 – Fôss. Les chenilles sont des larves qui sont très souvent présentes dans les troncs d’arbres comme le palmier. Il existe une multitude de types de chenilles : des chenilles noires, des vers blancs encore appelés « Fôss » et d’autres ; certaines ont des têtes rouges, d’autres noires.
--
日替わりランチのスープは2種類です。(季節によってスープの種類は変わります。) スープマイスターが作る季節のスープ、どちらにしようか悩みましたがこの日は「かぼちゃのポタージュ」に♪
---
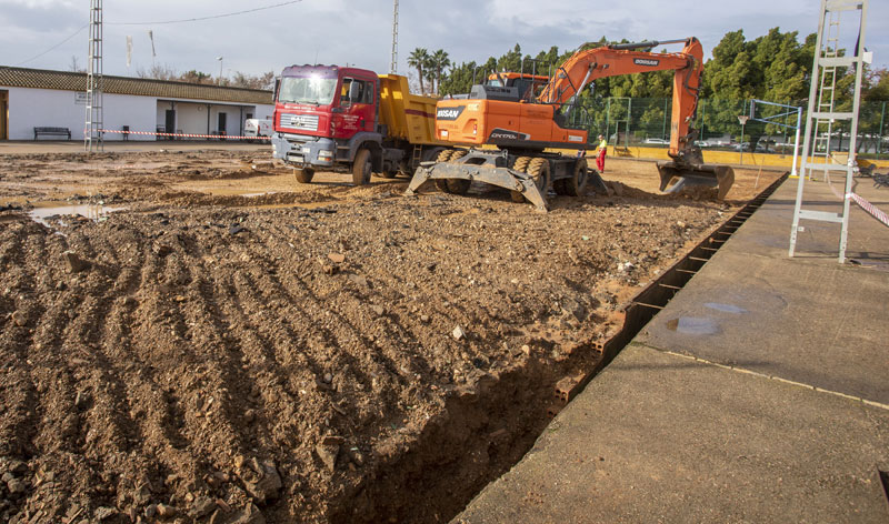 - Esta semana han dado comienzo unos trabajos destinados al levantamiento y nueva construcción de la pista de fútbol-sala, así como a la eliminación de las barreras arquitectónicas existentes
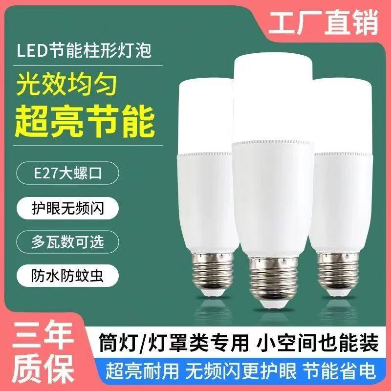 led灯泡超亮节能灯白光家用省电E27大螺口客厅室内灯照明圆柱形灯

◆ PROBLEM DESCRIPTION ◆
Output exactly those lines of the data above that run from the line with "- Esta semana" up to and including the line with "led灯泡超亮节能灯白光家用省电E27大螺口客厅室内灯照明圆柱形灯". No pictures go in.

◆ RESPONSE TO THE EXERCISE ◆
 - Esta semana han dado comienzo unos trabajos destinados al levantamiento y nueva construcción de la pista de fútbol-sala, así como a la eliminación de las barreras arquitectónicas existentes
 led灯泡超亮节能灯白光家用省电E27大螺口客厅室内灯照明圆柱形灯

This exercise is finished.